Laporan keuangan dapat dijadikan dasar untuk mengukur kesehatan suatu
perusahaan. Kesehatan suatu perusahaan akan mencerminkan kemampuan
perusahaan dalam menjalankan usahanya, distribusi aktiva, keefektifan
pengunaan aktiva, hasil usaha atau penggunaan yang dicapai, beban tetap yang
harus dibayar serta potensi kebangkrutan yang akan dialami.

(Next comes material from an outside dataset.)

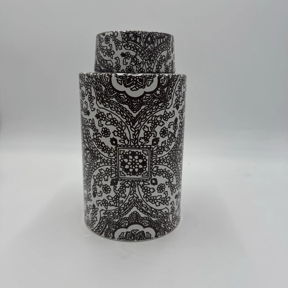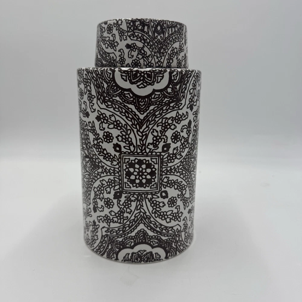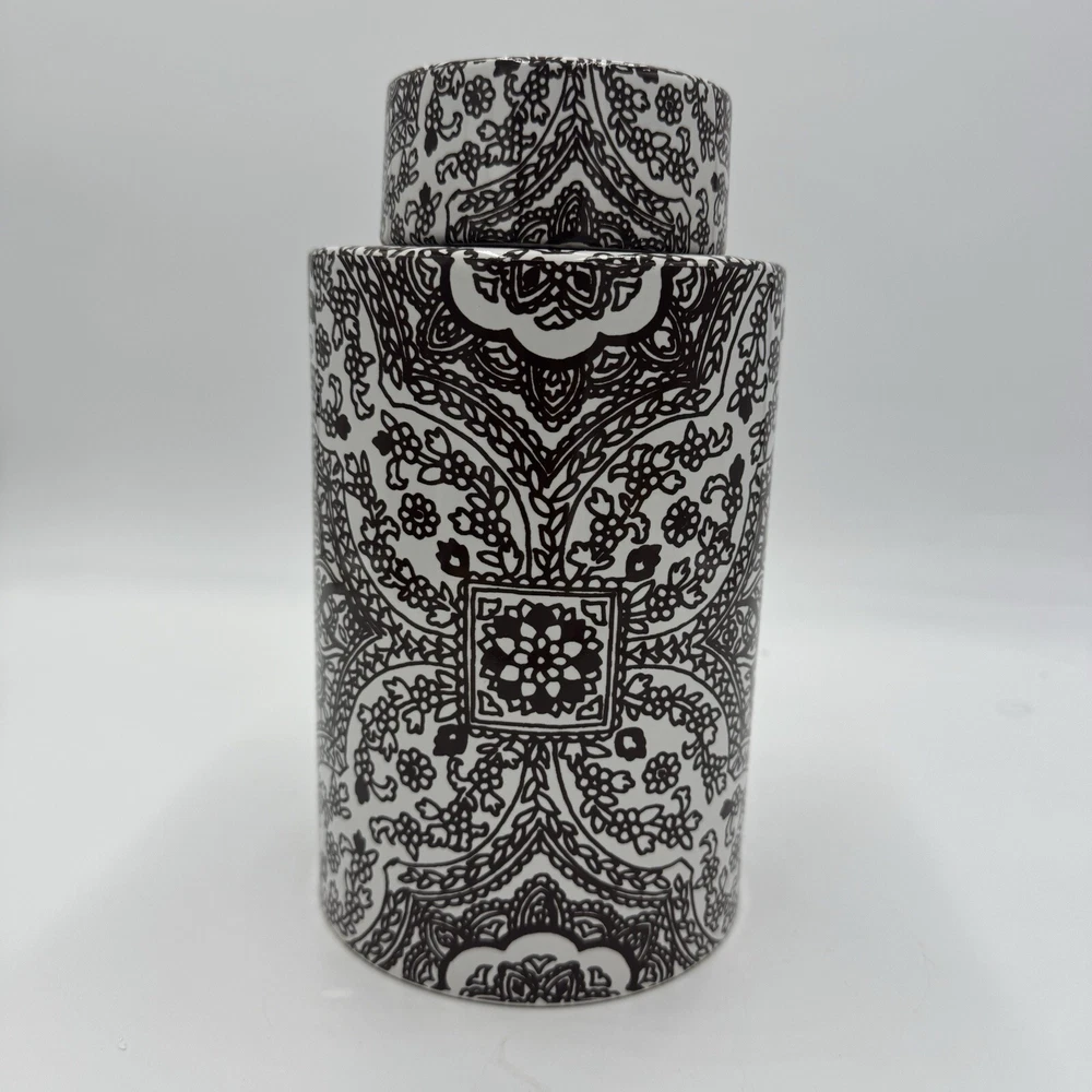 Add a touch of classic elegance to your home decor with this Pottery Barn ceramic jar. The jar features a beautiful brown and white floral paisley pattern that is sure to complement any style. Measuring 5 inches in length, width, and diameter, and standing 9 inches in height, this medium-sized cylinder jar is perfect for decorative use. Crafted in China using pottery production techniques, this jar has a glossy finish and comes with a free-sitting lid. The jar is not for food use and has one compartment. It is an original piece and not a licensed reproduction. This decorative jar is ideal for serving drinks or storing small items and will add a touch of sophistication to any room.

Oleh karena itu
rasio keuangan bermanfaat dalam memprediksi kebangkrutan bisnis untuk
periode 1 - 5 tahun sebelum bisnis tersebut benar-benar bangkrut (Nasser dan
Aryani, 2000).
3
Kemampuan dalam memprediksi kebangkrutan akan memberikan
keuntungan banyak pihak, terutama kreditur dan investor. Ketika sebuah badan
usaha mengajukan pertanyaan kebangkrutan, seringkali perusahaan kehilangan
bagian dari nominal utang dan bunganya. Bagi investor, kebangkrutan akan
mempunyai konsekuensi berkurangnya ekuitas atau bahkan hilangnya ekuitas
secara keseluruhan. Perusahaan sendiri dalam proses kebangkrutan akan
menanggung biaya yang tidak sedikit. Oleh karena itu dengan mengetahui
indikator kebangkrutan sejak dini, akan banyak pihak yang diselamatkan.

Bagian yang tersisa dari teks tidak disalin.